▶ _Data supplied_
↓↓↓

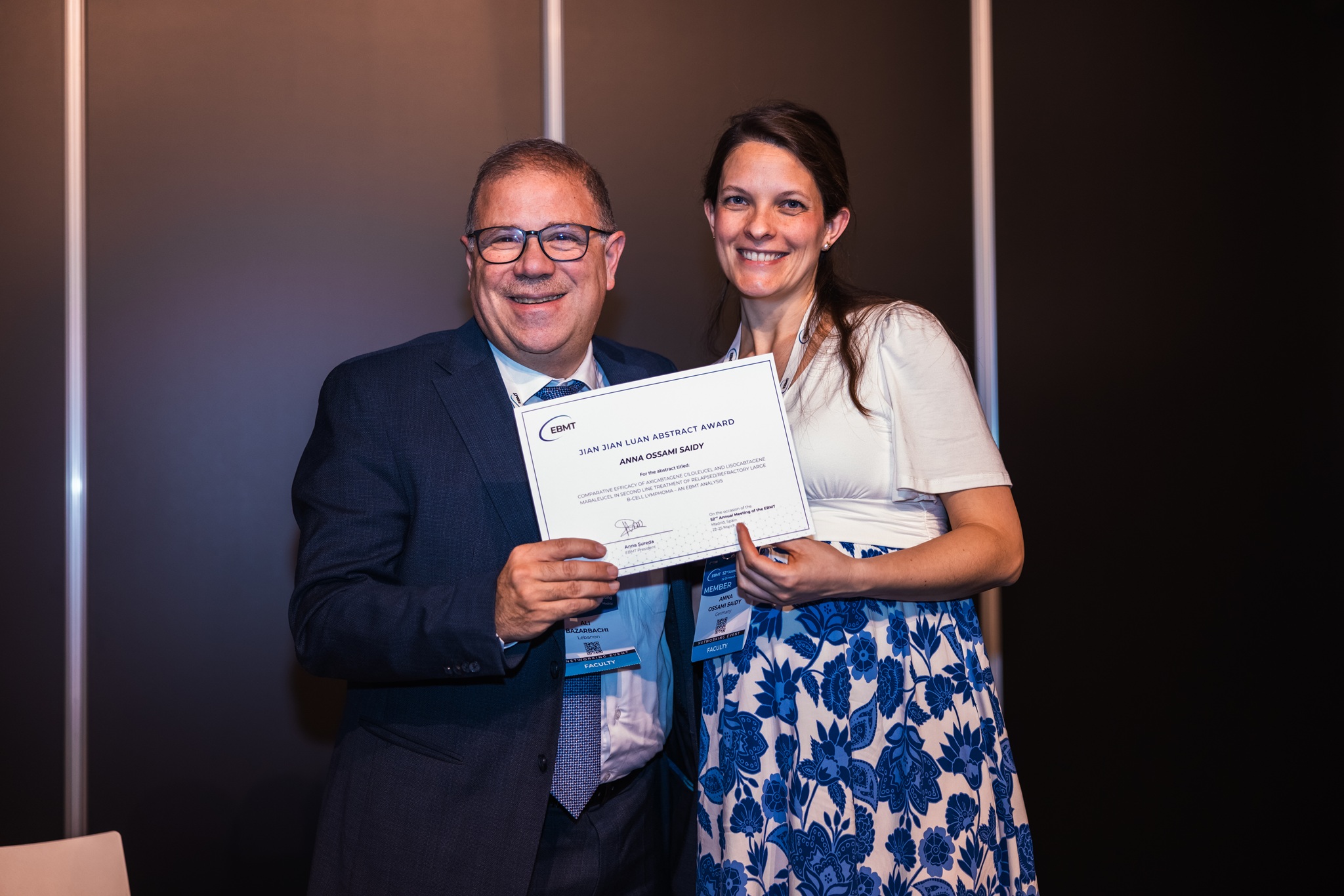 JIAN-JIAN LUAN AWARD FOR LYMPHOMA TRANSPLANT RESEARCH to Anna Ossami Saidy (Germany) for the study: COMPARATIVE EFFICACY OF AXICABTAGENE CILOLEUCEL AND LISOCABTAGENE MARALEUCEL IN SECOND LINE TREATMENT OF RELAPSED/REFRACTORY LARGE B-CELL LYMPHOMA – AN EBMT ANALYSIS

↑↑↑
↓↓↓

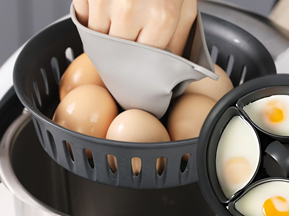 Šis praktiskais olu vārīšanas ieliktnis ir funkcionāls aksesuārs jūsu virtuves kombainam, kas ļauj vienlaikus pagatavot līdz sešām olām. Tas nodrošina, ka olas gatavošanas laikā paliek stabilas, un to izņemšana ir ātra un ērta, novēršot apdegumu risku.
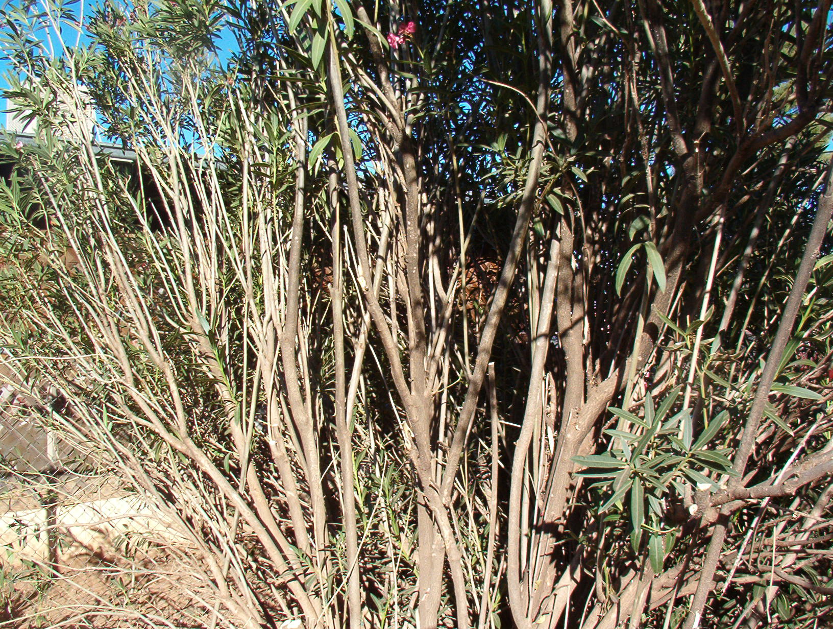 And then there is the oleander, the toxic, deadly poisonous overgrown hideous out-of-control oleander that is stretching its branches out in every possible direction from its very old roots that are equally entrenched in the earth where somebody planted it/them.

↑↑↑

▶ _Task item_
Print from the line containing "Šis praktiskais olu" through the line containing "And then there" in the data above, exactly as the lines stand, and omit every picture.

▶ _Solution for this problem_
 Šis praktiskais olu vārīšanas ieliktnis ir funkcionāls aksesuārs jūsu virtuves kombainam, kas ļauj vienlaikus pagatavot līdz sešām olām. Tas nodrošina, ka olas gatavošanas laikā paliek stabilas, un to izņemšana ir ātra un ērta, novēršot apdegumu risku.
 And then there is the oleander, the toxic, deadly poisonous overgrown hideous out-of-control oleander that is stretching its branches out in every possible direction from its very old roots that are equally entrenched in the earth where somebody planted it/them.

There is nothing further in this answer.